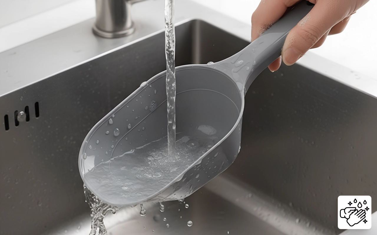 Sileä materiaali puhdistuu sekunneissa vain vedellä. Jäämiä ei jää, joten jokainen kauhallinen pysyy tuoreena.
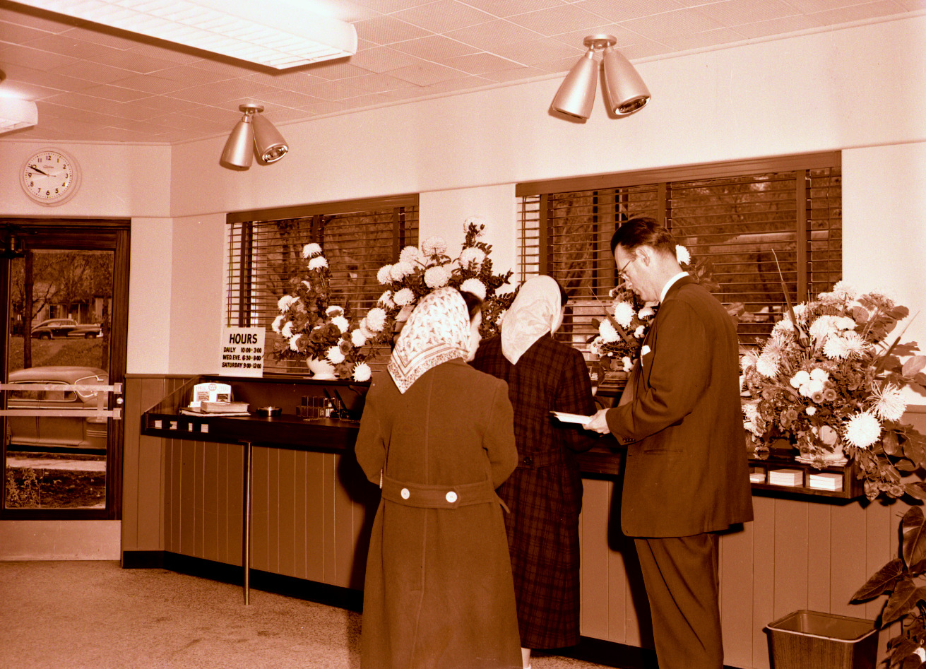 Black and white negative showing the interior of the Industrial State Bank located at 1018 West Michigan Avenue in Kalamazoo, Michigan. The image focuses on the service coutner which is covered with grand opening congratulatory flowers. As of 2005, this building remains standing however the tenants have since changed.
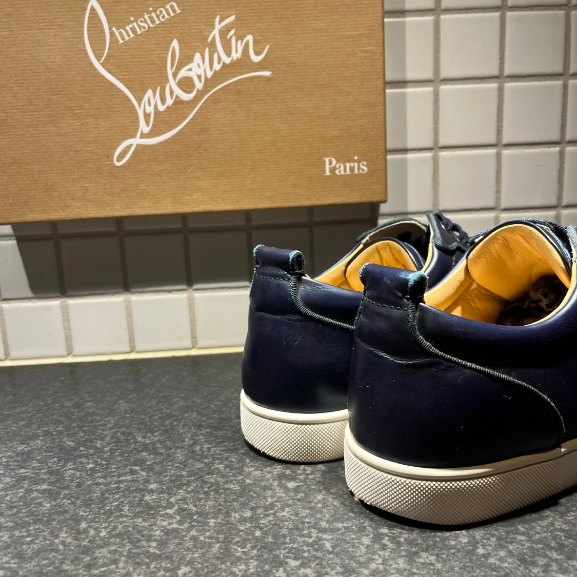 Tja, just nu så säljer jag mina Snygga mörkblå sneakers från Christian Louboutin. skorna är väldigt fint skick och endast testade ute en gång. allt original kommer med med boxen är till en annan sko. Har du några frågor så är det bara att ställa dem och jag tar alltid byten om du bor i Stockholm. skorna är självklart äkta. Mvh Oscar
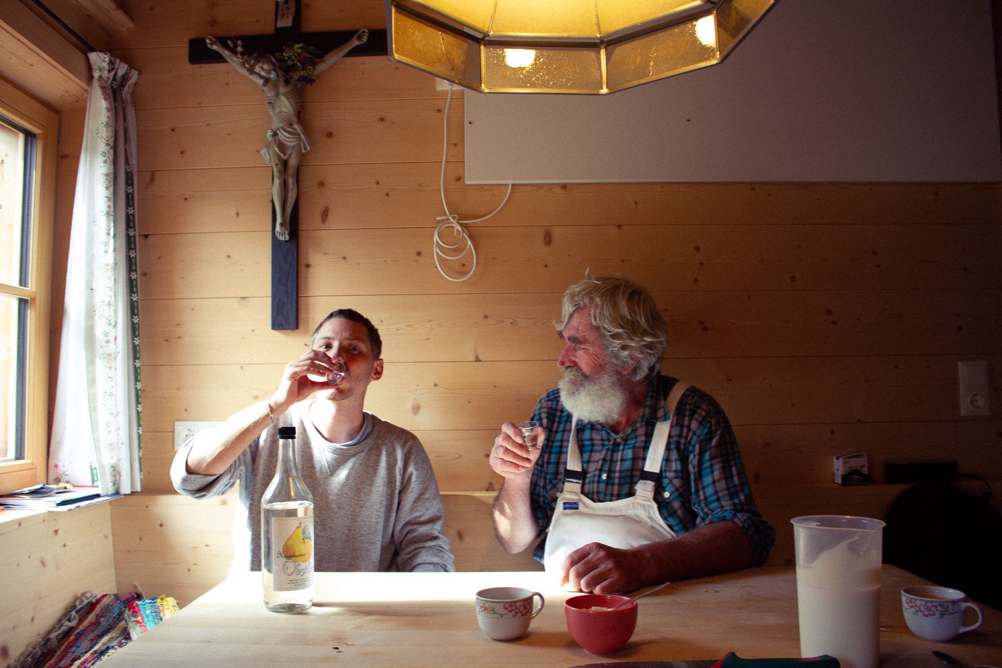Die Moser Maria, eine sympathische Frau im Rentenalter, hat einen äußerst festen Händedruck und strahlt so viel Lebensfreude, Energie und gute Laune aus, dass ich, ein Mann in seinen besten Jahren, mir daneben ganz schach vorkomme. Zuallererst muss ich ein Glas Schnaps mit ihr trinken, weil man das hier halt so macht. Nach einem längeren Plausch und noch einem Schnaps zeigt sie mir den Weg zu meiner Hütte, die ein wenig über dem Haus der Mosers liegt und die man nur mit dem Traktor oder zu Fuß erreichen kann (ich bin ein bisschen erleichtert, dass niemand von mir erwartet, dass ich den steilen Weg mit meinem Mietwagen bezwinge).
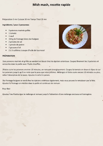 Mish mash, recette rapide
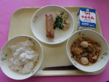 ご飯、牛乳、春巻き、八宝菜、青梗菜のナムル
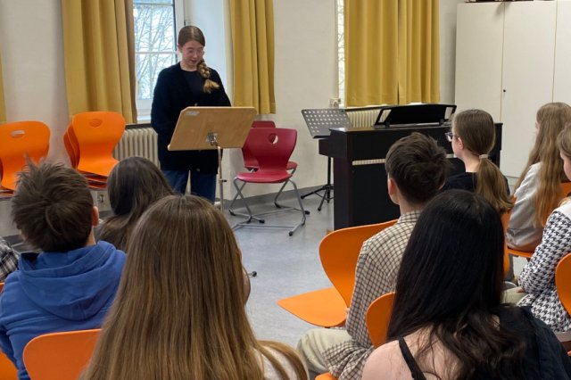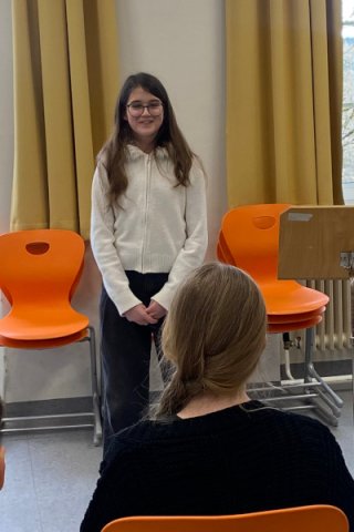 Darüber hinaus wurde ein selbst geschriebenes Gedicht vorgetragen und eine Schülerin zeigte, dass eine kleine Autorin in ihr schlummert, indem sie einen selbst verfassten, spannenden Text vorlas. Auch ein Kurzreferat über ein persönliches Musikidol war Teil der Präsentationen.

··········

» **WHAT IS EXPECTED**
What you return should be all of the material above, exactly, and none of its pictures.

» **EXERCISE ANSWER**
 Sileä materiaali puhdistuu sekunneissa vain vedellä. Jäämiä ei jää, joten jokainen kauhallinen pysyy tuoreena.
 Black and white negative showing the interior of the Industrial State Bank located at 1018 West Michigan Avenue in Kalamazoo, Michigan. The image focuses on the service coutner which is covered with grand opening congratulatory flowers. As of 2005, this building remains standing however the tenants have since changed.
 Tja, just nu så säljer jag mina Snygga mörkblå sneakers från Christian Louboutin. skorna är väldigt fint skick och endast testade ute en gång. allt original kommer med med boxen är till en annan sko. Har du några frågor så är det bara att ställa dem och jag tar alltid byten om du bor i Stockholm. skorna är självklart äkta. Mvh Oscar
Die Moser Maria, eine sympathische Frau im Rentenalter, hat einen äußerst festen Händedruck und strahlt so viel Lebensfreude, Energie und gute Laune aus, dass ich, ein Mann in seinen besten Jahren, mir daneben ganz schach vorkomme. Zuallererst muss ich ein Glas Schnaps mit ihr trinken, weil man das hier halt so macht. Nach einem längeren Plausch und noch einem Schnaps zeigt sie mir den Weg zu meiner Hütte, die ein wenig über dem Haus der Mosers liegt und die man nur mit dem Traktor oder zu Fuß erreichen kann (ich bin ein bisschen erleichtert, dass niemand von mir erwartet, dass ich den steilen Weg mit meinem Mietwagen bezwinge).
 Mish mash, recette rapide
 ご飯、牛乳、春巻き、八宝菜、青梗菜のナムル
 Darüber hinaus wurde ein selbst geschriebenes Gedicht vorgetragen und eine Schülerin zeigte, dass eine kleine Autorin in ihr schlummert, indem sie einen selbst verfassten, spannenden Text vorlas. Auch ein Kurzreferat über ein persönliches Musikidol war Teil der Präsentationen.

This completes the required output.